While Square was doing all of this for its clients, what was Well Fargo up to?
4 | Ride The Wave
Don’t swim upstream if you don’t have to. Find a trend that is undeniable and ride the wave rather than try to fight it.
Example: Apple | Counter Example: Research In Motion
I recall the great debate of the late 2000s - Blackberry versus iPhone. It didn’t take very long before you could see (like see in the real world) Apple winning. Despite the obviousness of the iPhone’s success, many inherently dismissed Apple by betting Blackberry would maintain its dominant market position in what we now call smartphones.
The power of having the wind at your back for a company is a key ingredient. Riding the wave covers up for a lot of corporate sins - Bad management, poor M&A, soso sales operations, public faux pas, and so on. Even the most mediocre of companies can find themselves a STGU simply by riding the trend (hello 8x8).
The Takeaway
One thing a lot of STGU have in common is a mixture of unconstrained growth opportunity and product-market fit focused on enhancing the customer experience. Add an element of secular change as a tailwind and you’ve got an unbeatable combination of product adoption, value creation and innovation.
Examples of The Recipe In Action
Company: DocuSign
Growth Potential: Geometric. Everyone who deals with contracts is a potential customer.
Customer Relationship: High value add. Saves time, money, streamlines an increasingly archaic process.
Innovative: Expanding into contract lifecycle management and agreement analytics.
Secular Trend: Business processes move online and into the cloud.
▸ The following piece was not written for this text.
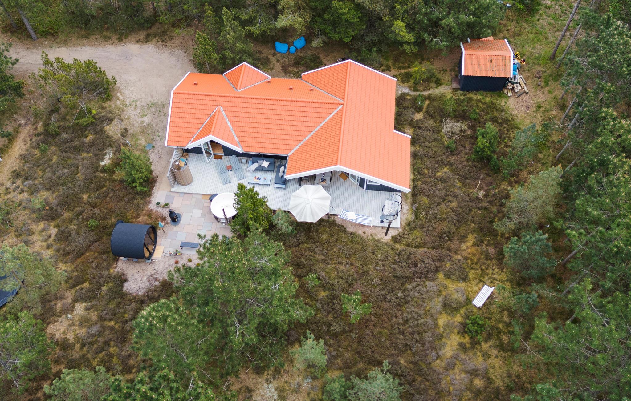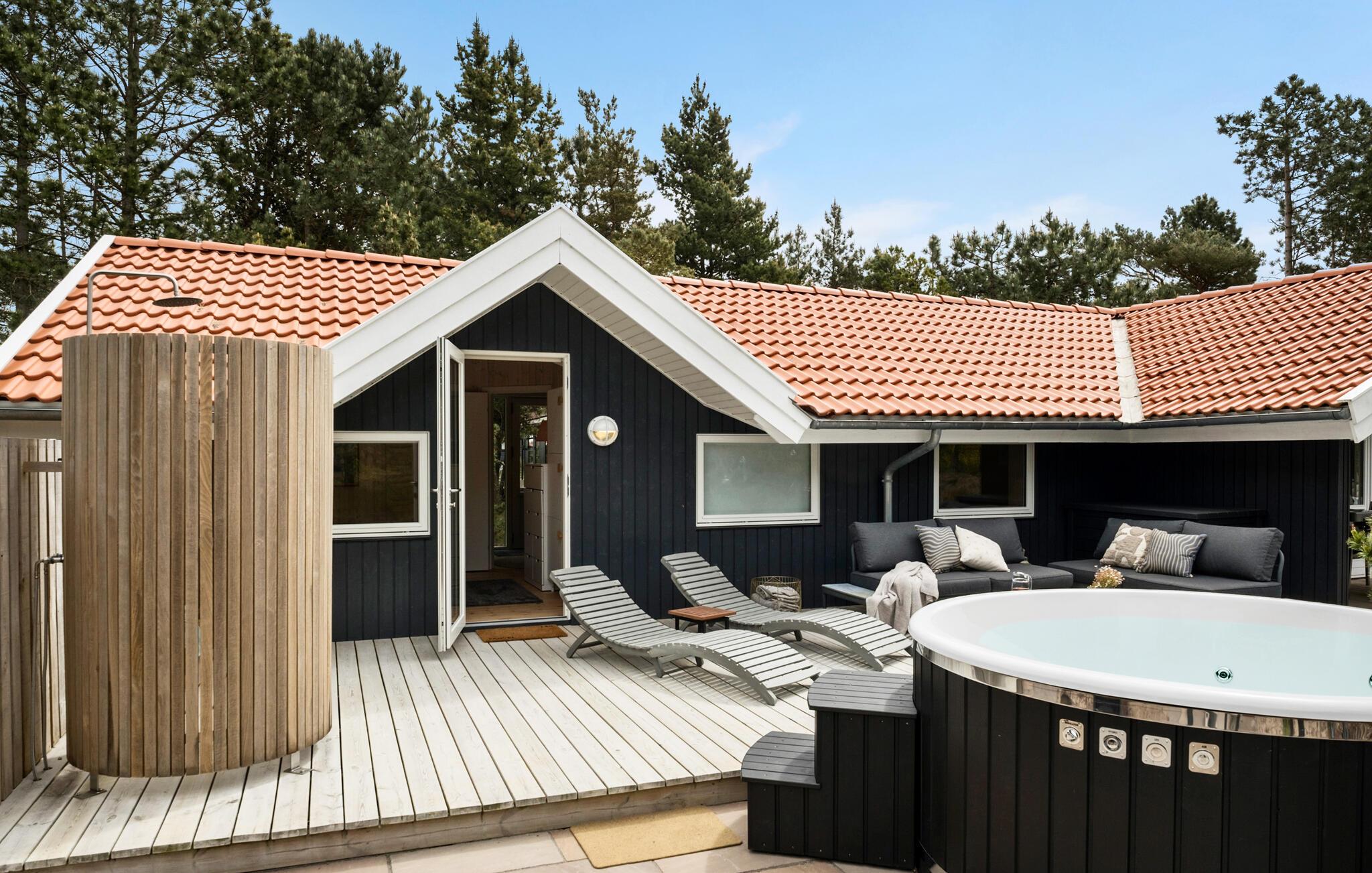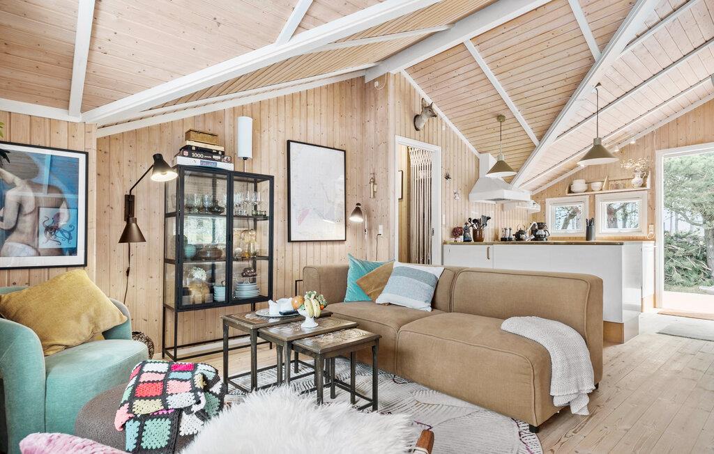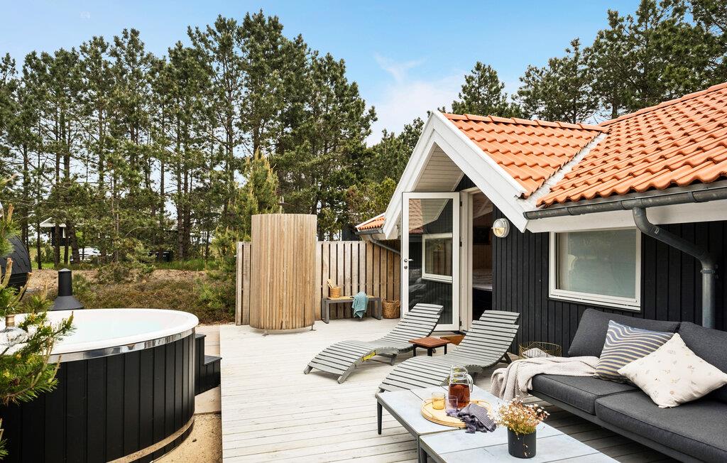 Charmantes Ferienhaus am Yderby Lyng Strand mit Sauna, Terrasse und Meerblick für erholsamen Familienurlaub.
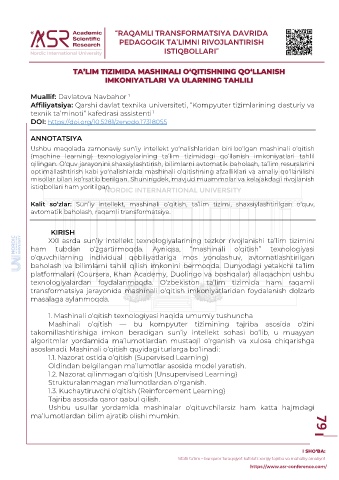 Page 81 - RAQAMLI TRANSFORMATSIYA DAVRIDA PEDAGOGIK TA’LIMNI RIVOJLANTIRISH ISTIQBOLLARI

Company: Zoom Video Communications
Growth Potential: Geometric. Everyone on the planet could be a customer.
Customer Relationship: Saves customer from a lot of hassle. Product just works the way it should.
Innovative: Expanding into office productivity tools and probably also UCaaS at some point.
Secular Trend: Distributed workforces & corporate communications
Company: Square
Growth Potential: Geometric. Everyone on the planet could be a customer.
Customer Relationship: Saves customer time and money. Enables frictionless banking services to the underbanked and very young. Likely very strong customer loyalty (Cash App).
Innovative: Has innovated so many times I’ve lost count.
Secular Trend: Traditional financial rails disrupted.
Company: Spotify
Growth Potential: Geometric. Everyone on the planet could be a customer.
Customer Relationship: Seamless access to music and audio content. Likely strong brand loyalty.
Innovative: Podcast content.
Secular Trend: Disintermediation of traditional media and broadcasting.
Company: Roku
Growth Potential: Geometric. Everyone on the planet could be a customer.
Customer Relationship: Provides access to streaming video content to viewers. Provides high value advertising inventory for advertisers. Likely strong brand loyalty.
Innovative: Industry leading advertising inventory and analytics.
Secular Trend: Streaming TV & Legacy media disintermediation.